Sur toutes les villes que j’ai visitées
Sur la montagne du Genêt
sur les symboles que tu m’a laissés
J’écris ton nom.

Sur cette rive de la méditerranée secouée
Sur le sable ou les rochers, des mères scrutaient
Sur elles, une photo ou un papier les yeux rivés
Sur cet horizon dans son immensité.

De ce côté-ci je cherche ton nom.

Le 21 mai 2020

Mohand NATHSATHI Le 14/05/2020

Azul Fllawen

Je suis arrivé à un âge où le jour ressemble à nuit,
Dans le noir je n’arrive à distinguer que ce qui luit
Mes jambes me portent encore mais elles n’avancent plus
Je suis couvert de honte, devant les miens je suis nu.

N’oubliez pas que la jeunesse passe vite et qu’elle n’est pas éternelle
Elle sèche vite, à un moment elle ressemble aux mamelles,
Rappelle-toi, il n’y a pas si longtemps nous sautions comme des gazelles,
Sur de grandes étendues où il n’existe pas de citadelles.

Chaque chose a son temps et le temps fait tout,
Rappelle-toi, il n’y a pas si longtemps Paris était envahi par les loups,
Aujourd’hui le loup et l’agneau sont amis, ils sont bras dessus bras dessous
Ils ont tout compris, le dialogue, la concertation, sur tout et partout

Beaucoup de jeunes de l’époque n’ont pas la chance d’avoir une descendance,
Les jours ressemblent à la nuit, loin des leurs, pas même de correspondance
La peur au ventre, sous la pluie, la neige et le soleil en tout temps ils avancent,
Le physique, le moral et tout le corps est dans une grande souffrance.

Toi, toi tu as la chance de survivre et fêter la réconciliation
Quel bonheur de voir tous les mélanges de ces populations,
Toi tu es parti sous un grand bruit, enseveli pendant la révolution
Je ne fais plus de différence entre le jour et la nuit, je n’attends plus de solution.

MOHAND NATHSATHI Le 10/05/2020

La disparition ?

Souvent assis à attendre devant la porte de notre maison,
Regarder passer les gens, je ne sais pour quelle raison
Les murs et les distanciations m’empêchent de voir l’horizon,
J’attends l’hiver, le printemps, l’automne mais l’été est la meilleure saison.

De te voir revenir parmi les tiens, mais toujours assez distant,
Nous avons besoin de ta présence, nous ne l’avons que quelques instants,
La sérénité, le calme caractérisent ton regard insistant
Tu n’as pas changé, moralité, écoute, calme sont toujours constants.
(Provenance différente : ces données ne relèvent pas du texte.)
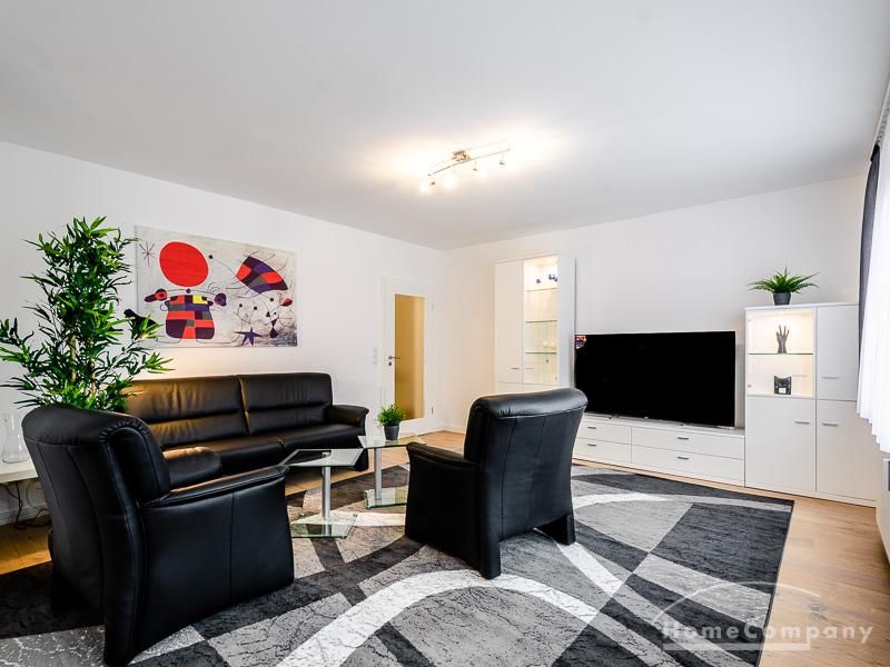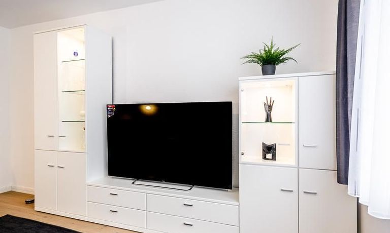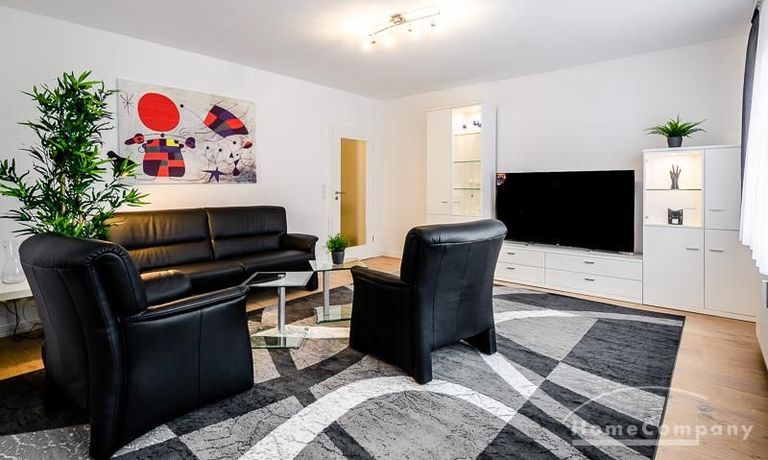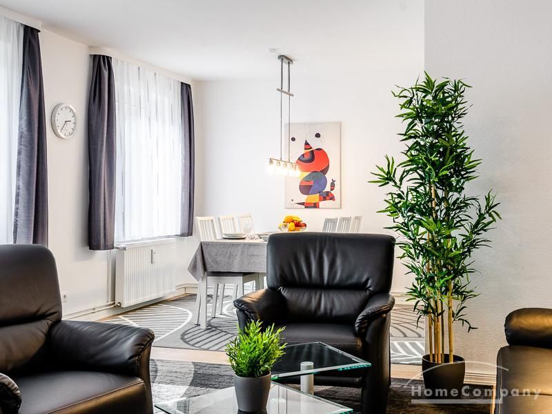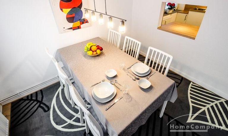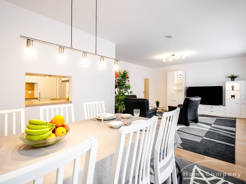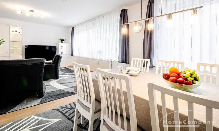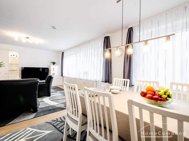Die Wohnung hat 3 Zimmer und ist ca. 80 m² groß. Das Wohnzimmer ist mit einem 4K UHD Fernseher 65 Zoll, Esstisch mit 6 Stühlen, Sitzgruppe und Wohnzimmerschrank ausgestattet. Vom Essbereich gibt es eine Durchreiche zur Küche.
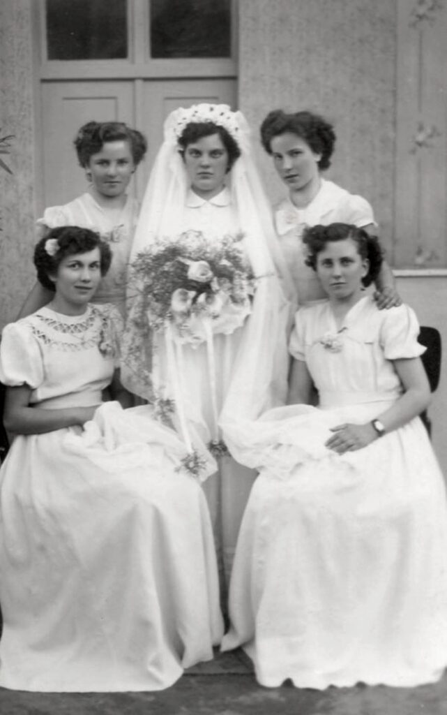 Állnak balról jobbra: Forró Ágnes (Zsigóné), Jalsovszky Mária (Dudásné, menyasszony), Forró Erzsébet Piroska (Jalsovszkyné).

J’ai beaucoup souffert comme fils et toi tu as souffert comme père,
L’éloignement, la solitude t’ont appris à réfléchir et à te taire,
Nous, nous attendons tes paroles, mes sœurs, moi, et mes frères,
Notre jeunesse, notre insouciance, on ne sait jamais ce que pense notre mère.

Après tant d’années, notre relation est intacte tu viens me voir tous les soirs,
Je n’ai pas peur, même si quelquefois tu me surprends dans le noir,
Beaucoup de regrets, et de non-dit, mais ça c’est une autre histoire
Je ne sais pas si tu me le pardonnes, je n’ai pas pu te dire au revoir.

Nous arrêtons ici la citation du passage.